Work required: Go through the listing below and repeat it exactly, dropping the pictures.

Data extract:

——————

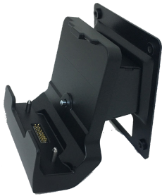
G8s VESA Mount Charger
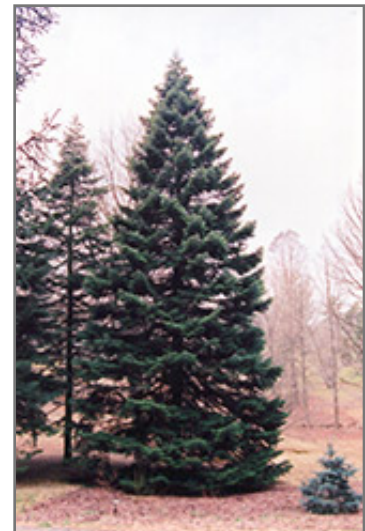
Nordmann Fir
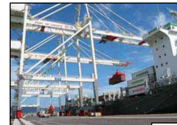
A gantry crane in full operation

——————

Result:
G8s VESA Mount Charger
Nordmann Fir
A gantry crane in full operation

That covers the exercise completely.